**What you are asked to do:** Transcribe the whole listing below without changing a word, but leave out every image.

**Recorded data:**
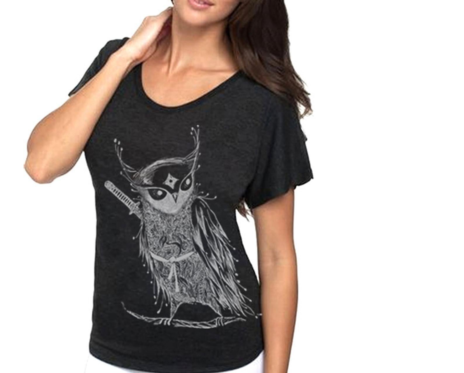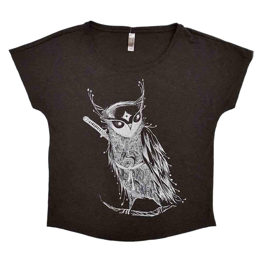 A wise Samurai Owl stands watch on this flattering scoop neck short sleeved tee.
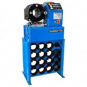 Samway P20Q c электрическим приводом и аналоговым управлением способен развивать давление до 160 т. Предназначен для обжима РВД с внутренним диаметром обжима от 6 мм до 38 мм. Рукав до 1½″ 4SP. Позволяет обжать до 800 рукавов в час. В поставку оборудования входят пресс-формы (кулачки) в количестве 9 комплектов, педаль, стойка-хранилище для кулачков, устройство для быстрой замены кулачков.
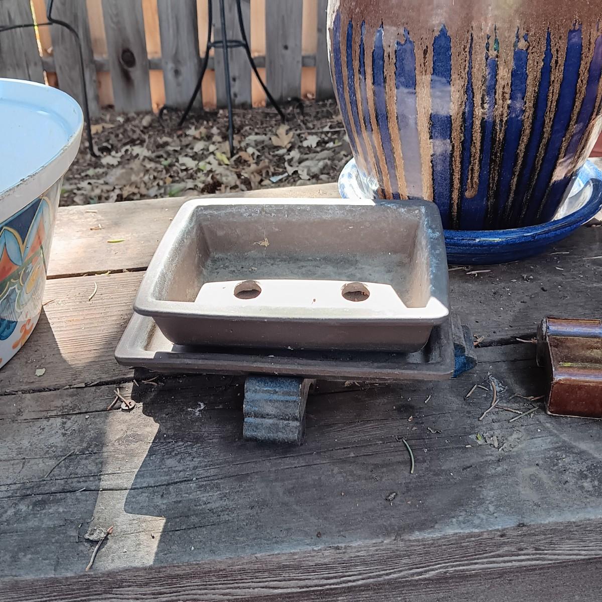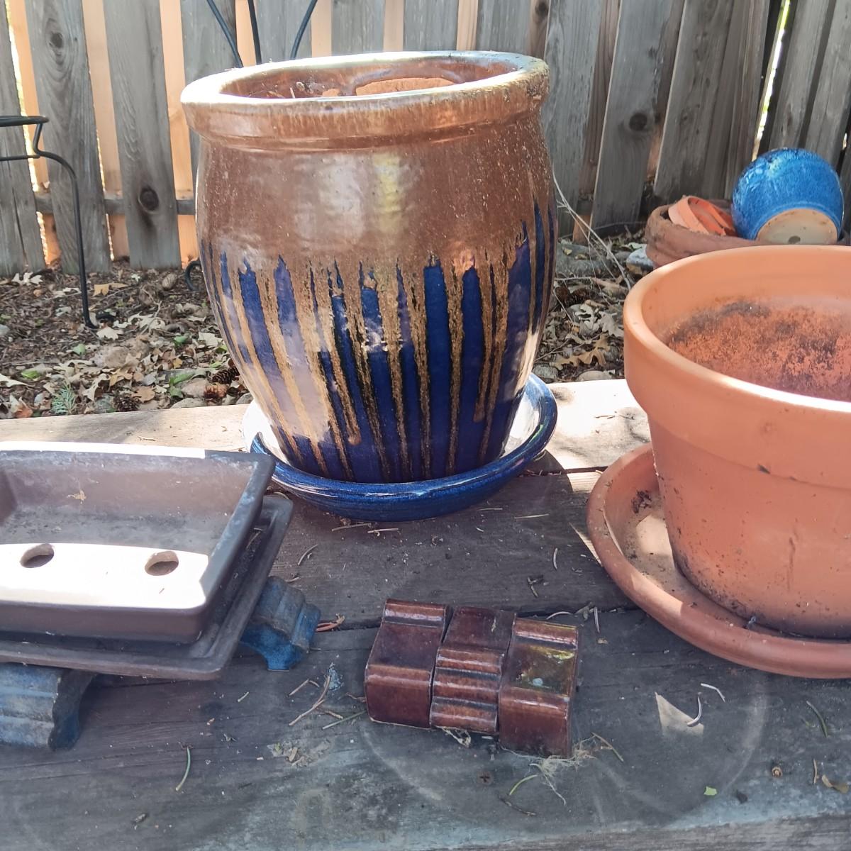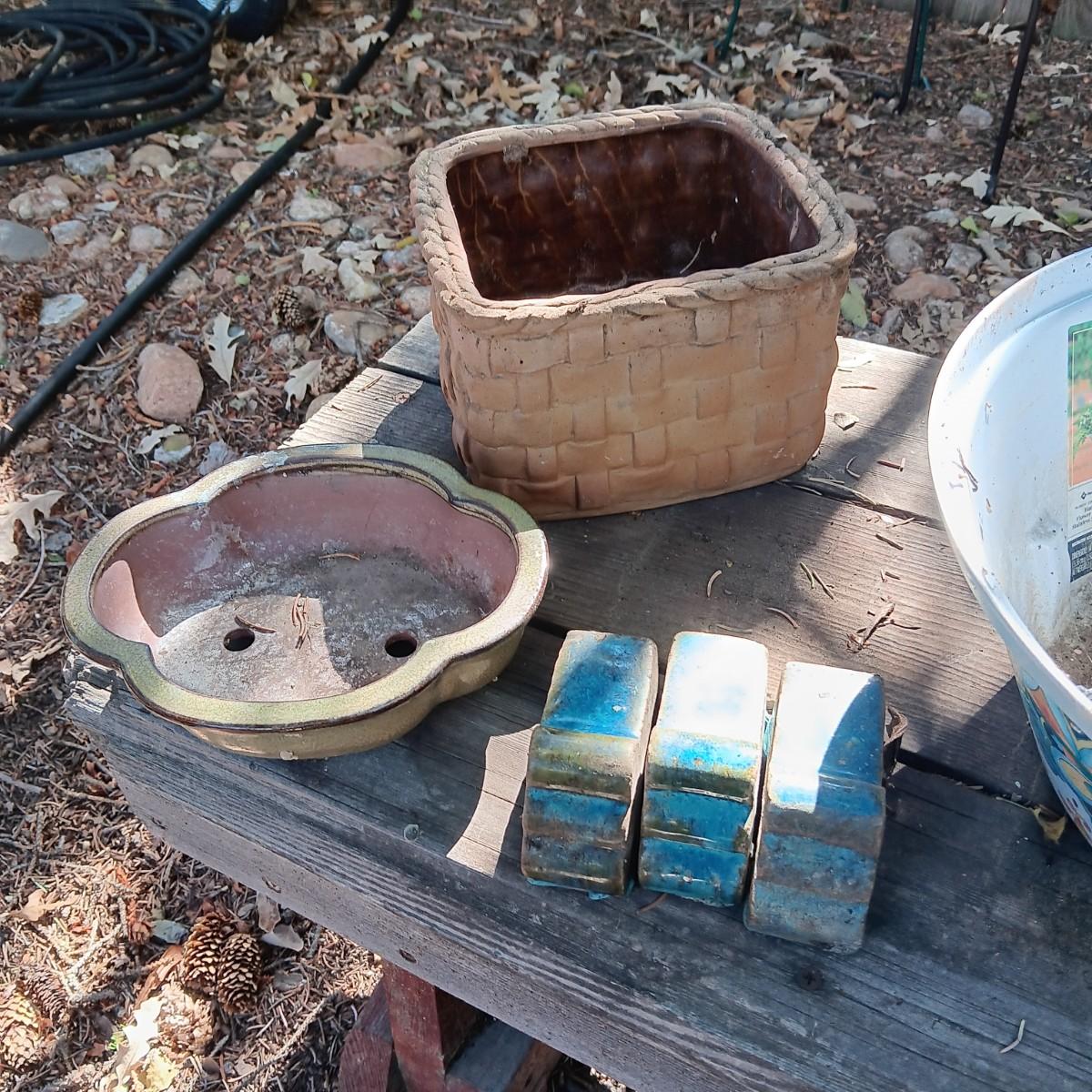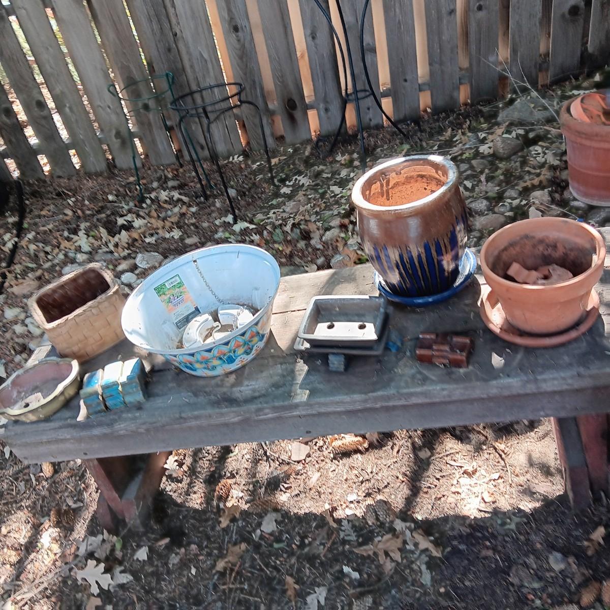 ASSORTMENT OF FLOWER POTS AND CLAY FEET FOR POTS

**Result for this task:**
 A wise Samurai Owl stands watch on this flattering scoop neck short sleeved tee.
 Samway P20Q c электрическим приводом и аналоговым управлением способен развивать давление до 160 т. Предназначен для обжима РВД с внутренним диаметром обжима от 6 мм до 38 мм. Рукав до 1½″ 4SP. Позволяет обжать до 800 рукавов в час. В поставку оборудования входят пресс-формы (кулачки) в количестве 9 комплектов, педаль, стойка-хранилище для кулачков, устройство для быстрой замены кулачков.
 ASSORTMENT OF FLOWER POTS AND CLAY FEET FOR POTS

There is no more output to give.